Lecture 7 Jan 25#

Warm-up question

Another estimation (back of the envelope) question: In a finite square well, the energies of the stationary states are \(\propto n^2\), but in the harmonic oscillator they are \(\propto n\). Why?

Solution

In the finite square well, the wavefunction is confined to a distance \(a\), the width of the well. The wavelength of the particle is \(2a/n\) and so the energy of the particle is \(E\propto p^2\propto 1/\lambda^2\propto n^2\).

In the harmonic oscillator, the spatial extent of the wavefunction depends on the particle energy. We can estimate this using the classical turning points where \(E = V \propto x^2\), suggesting that we should take \(a\propto E^{1/2}\). A higher energy state means that the particle moves to larger \(x\) during an oscillation cycle.

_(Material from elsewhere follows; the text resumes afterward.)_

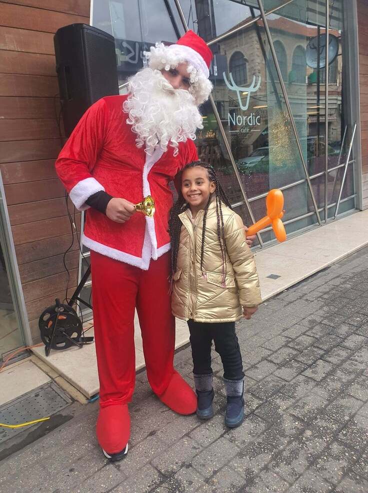 横にスピーカーも用意し、クリスマスの音楽とともにバルーンアートで子どもたちを引き寄せ、そのあとに大人が子どもに連れられて入るように仕向ける戦略でしたが、それが大当たりでした。(パレスチナではどこでもこれが効くそう・・・)
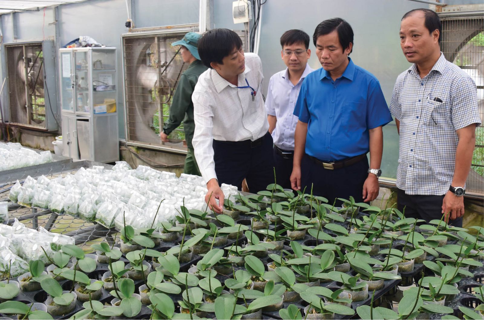 Tham gia liên kết tiêu thụ sản phẩm nông nghiệp tạo kết nối chuỗi sản xuất và tiêu thụ nông sản bền vững. Trong ảnh: Phó Chủ tịch UBND tỉnh Nguyễn Văn Phương thăm mô hình nuôi cấy lan ở Lâm trường Tiền Phong

Repeating the same argument as for the infinite square well, but now taking \(a\propto E^{1/2}\) gives \(E\propto 1/\lambda^2\propto n^2/a^2\propto n^2/E\Rightarrow E\propto n\).

Last time, we discussed the orbital angular momentum eigenfunctions \(\ket{\ell, m}\).

Recall that \(\hat{L}^2\) commutes with any of the components \(\hat{L}_i\), so the idea is that we are free to choose one of the components, usually taken to be \(\hat{L}_z\), and find a simultaneous set of eigenstates of \(\hat{L}^2\) and \(\hat{L}_z\):

\[\hat{L}^2 \ket{\ell,m} = \ell (\ell+1) \hbar^2 \ket{\ell, m}\]
\[\hat{L}_z \ket{\ell,m} = m \hbar \ket{\ell, m}.\]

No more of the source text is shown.